In the afternoon, I listened to an audiotape of a talk given by two securities lawyers about recent cases involving a Securities Exchange Commission rule that says the CEO and CFO of companies filing quarterly and annual reports with the SEC must sign off on the veracity of the financial statements in those reports. (Hey, did your eyes glaze over when you read that? So did mine!) (But actually, it was sort of interesting.) (Dear lord, am I going to be a securities lawyer?) (I think that’s a possibility.) (How … um, lawyerish.) I was about to summarize it when I got an urgent email for help from an associate I’ve been working closely with: would I please incorporate comments from the investment bank into a document with our comments on it AWAP?

Well, while I was doing that (essentially copying the bank’s comments onto our copy of the document) (yes, this does have a point, just a sec), I got a phone call from the tax partner I did a research assignment for two weeks ago, and he gave me feedback on my work and asked if I had any questions. While I give major props for the feedback call, I was trying to get those comments in, and during the feedback call, got a phone call from the associate asking where the document was.

All this leading up to the part where I’m in the associate’s office asking her about two comments I don’t understand, and the partner on the deal storms in, asks where the comments are, stares incredulously and irately at her (the associate), and then bitches her out for not having her priorities in order and not letting him (the partner) know that she has another deal blowing up: “We got these comments at 3 and it’s 7:30 now!
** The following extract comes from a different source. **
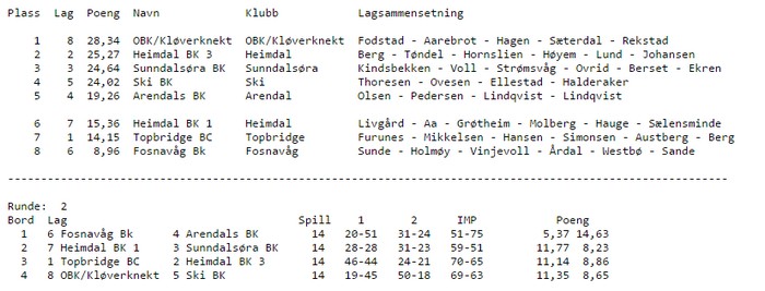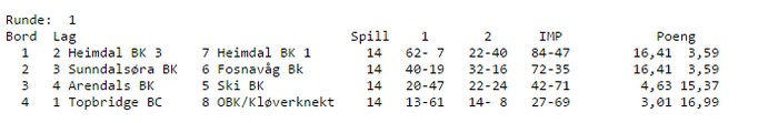 Min favoritt i år er Sunndalsøra og de startet godt mot arrangøren. Ski BK tar også medalje (tror jeg). 15,37 er en fin start. Toppbridge vet jeg mange tipper høyt oppe. Beklager gutter, men jeg tror ikke det holder til podiet i år. Et stort tap i første kamp mot OBK/Kløverknekt. Skal vi tro på en overaskelse derfra?

They’ve already sent us a follow-up email, and we need to keep on top of this, or tell them why we’re not. If you can’t do it, I need to know!”

Then the partner, in a way that shows how clearly pissed he still is, looks at the comments I’ve been having trouble with, sorts them out, explaining them to me in an exaggeratedly patient tone, and then tries to play nicey nice by saying, “God, I’m really in a bad mood today, I don’t know what’s wrong with me.” The associate, with astonishing sanguineness, asked, “Why?” and the partner replied, “I don’t know. Because no one loves me.” Barf. Stop trying to be all cute when you’ve just blown a gasket at someone YOU have loaded work onto and who is trying to address two different deals at once.
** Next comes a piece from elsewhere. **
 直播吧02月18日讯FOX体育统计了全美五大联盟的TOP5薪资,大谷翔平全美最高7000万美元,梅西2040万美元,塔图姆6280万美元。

But I couldn’t resist asking, “Do you have a dog?” and amidst a too-loud laugh, following with, “Because your dog probably loves you.”
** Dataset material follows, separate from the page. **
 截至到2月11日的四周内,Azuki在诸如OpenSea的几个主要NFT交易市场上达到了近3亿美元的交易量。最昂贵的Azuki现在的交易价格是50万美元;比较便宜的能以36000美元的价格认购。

What I should have said was, “Stop yelling and keep your panties on, fool! Who freakin’ cares if we have it out in 2 hours or 4?” And then gotten fired. Which would be good, because I definitely don’t care if we get it out in 2 or 4.

I felt bad about taking so long with the comments, though, for the associate’s sake, and so stayed around to help her with stuff and “keep [her] sane” (in her words), until 8:30 pm, when she suggested we walk through the city to Victoria Station, where she could go to her boyfriend’s house and I could catch the tube to my apartment. And so the night of the yelling turned into a nice 45-minute walk past St. Paul’s, Fleet Street, Parliament and Big Ben, Westminster, a statue of Abe Lincoln (my main man!), for some reason, and finally into the tube stop and back home.

And now, I am finally going to go to sleep before midnight, for the first time in weeks, and so I’ll sum up: laziness at the office doesn’t mean I’m not accomplishing anything; employment discrimination – all year, all the time; the joy of getting things that I want is quite...joyous; partners who yell and then act cute suck the big time; and London is so, SO pretty.